The only way to be safe against site JavaScript in firefox is to go to about:config and set javascript.enabled=false.
>but it would still be running under someone else's control Browsers could give you the opportunity to check all JavaScript before it is executed, save a version you prefer and use only that version, or run a different program with that website instead if you want, but such functionality has not been implemented and has been made needlessly difficult to implement intentionally.
yes, browser support for user-chosen replacements would be ideal
I hope the concern about javascript potentially running before noscript and librejs kick in is merely theoretical. do you have any evidence you could share that it actually hits in practice?
https://blog.torproject.org/new-release-tor-browser-907/ >Open about:config Search for: javascript.enabled The "Value" column should show "false" Either: right-click and select "Toggle" such that it is now disabled or double-click on the row and it will be disabled.
We are taking this precaution until we are confident recent NoScript versions successfully block Javascript execution, by default, by working around a Firefox ESR vulnerability.

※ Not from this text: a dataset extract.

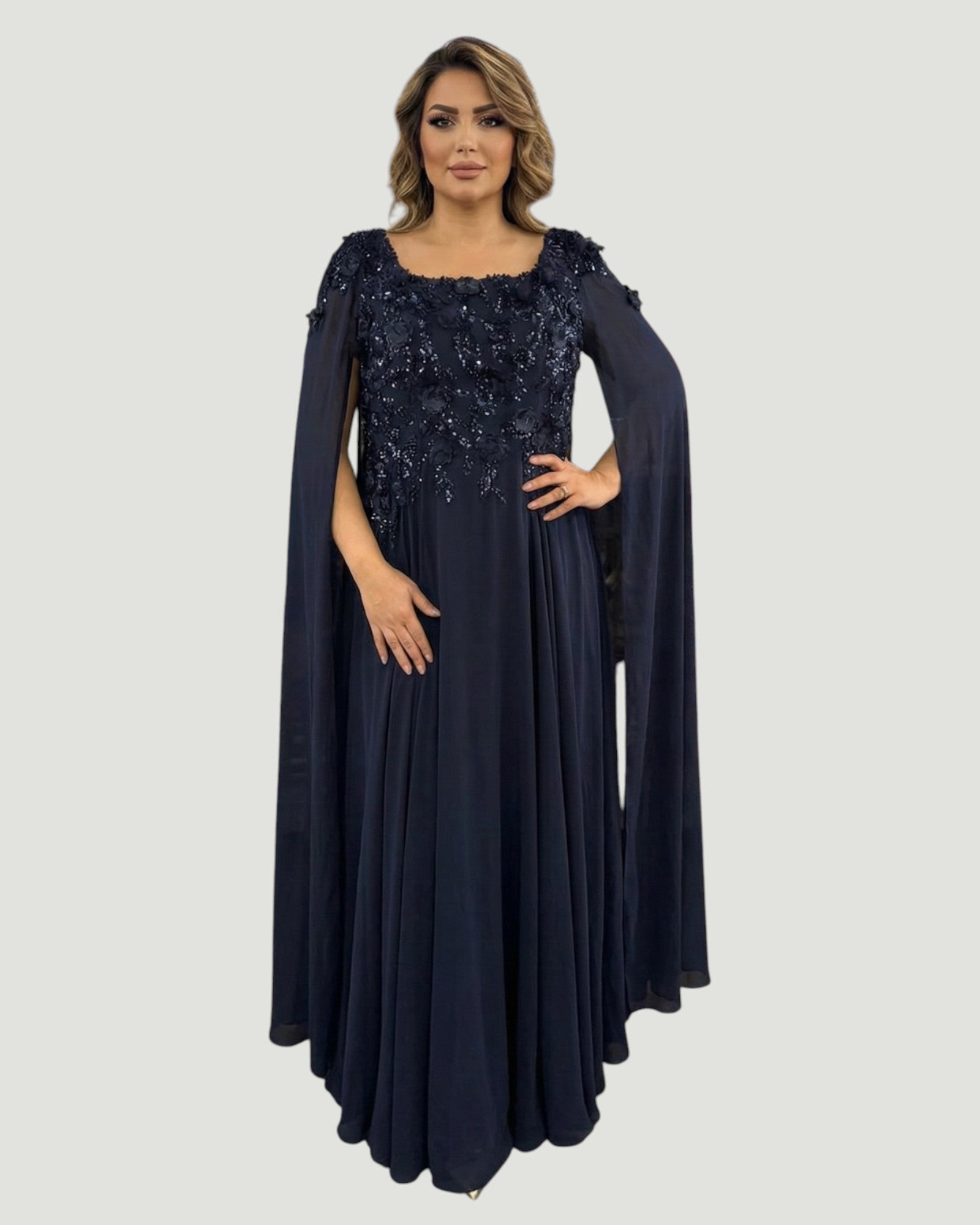 Elegantes Abendkleid mit Pailletten und Cape-Ärmeln E292

Against remote scripts, I am reasonably confident that NoScript is adequate, as they don't seem to ever be downloaded unless you manually do so, but I'm not sure about specifically crafted JavaScript in <script></script> tags - it wouldn't surprise me if more ways were found that allow malicious JavaScript execution in script tags with javascript.enabled=true.

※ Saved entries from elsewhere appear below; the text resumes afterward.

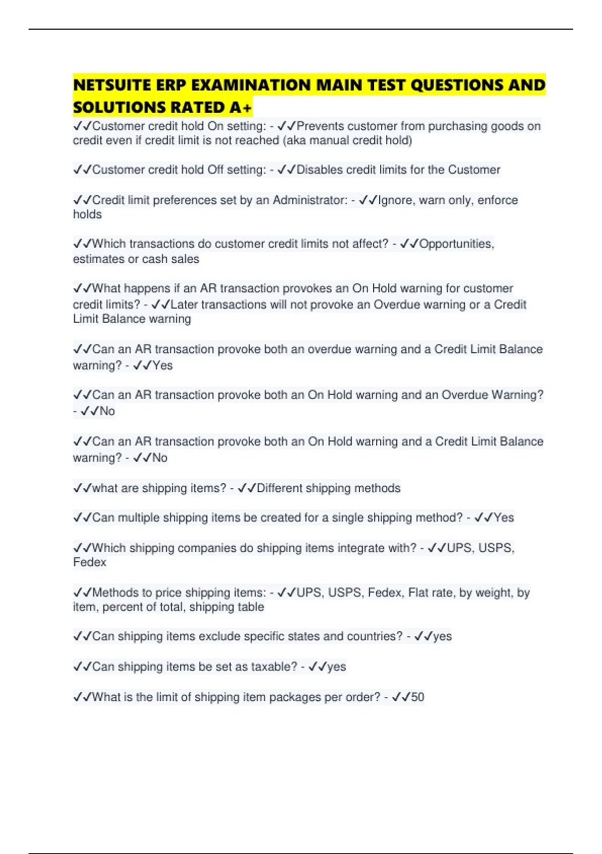 NETSUITE ERP EXAMINATION MAIN TEST QUESTIONS AND SOLUTIONS RATED A+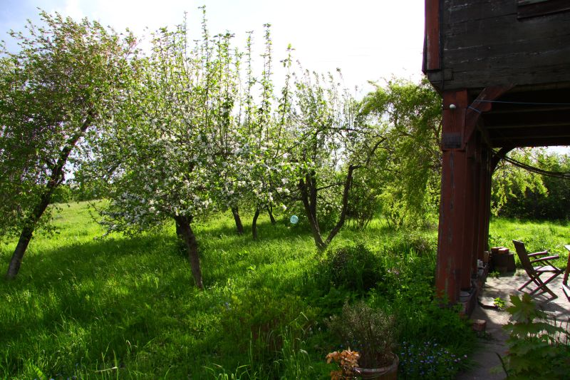 Die Gebäude liegen inmitten eines großen idyllischen Gartens. Es ist schade, dass nun auch dieses wunderschöne Vorlaubenhaus wahrscheinlich dem Verfall preisgegeben ist.
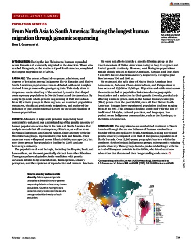 Gusareva, Elena S. and Ghosh, Amit Gourav and Kharkov, Vladimir N. and Khor, Seik-Soon and Zarubin, Aleksei and Moshkov, Nikita and Kalsi, Namrata and Ratan, Aakrosh and Heinle, Cassie E. and Cooke, Niall and Bravi, Claudio M. and Smolnikova, Marina V. and Tereshchenko, Sergey Yu. and Kasparov, Eduard W. and Khitrinskaya, Irina and Marusin, Andrey and Razhabov, Magomed O. and Golubenko, Maria V. and Swarovskaya, Maria and Kolesnikov, Nikita A. and Vagaitseva, Ksenia V. and Eremina, Elena R. and Sukhomyasova, Aitalina and Shtygasheva, Olga and Panicker, Deepa and Ang, Poh Nee and Lee, Choou Fook and Koh, Yanqing and Leong, See Ting and Park, Changsook (2025) From North Asia to South America: Tracing the longest human migration through genomic sequencing. SCIENCE, 388 (6748). ISSN 0036-8075

Someone has mentioned that they found LibreJS executed unlicensed JavaScript encoded via a certain method, but didn't mention further details (it seems they were telling the truth).
To have proper security guarantees with this sort of thing, you would need firefox with the JavaScript engine completely disabled (too bad extensions and a bunch of other things rely on that and you can only really get such sort of thing in netsurf).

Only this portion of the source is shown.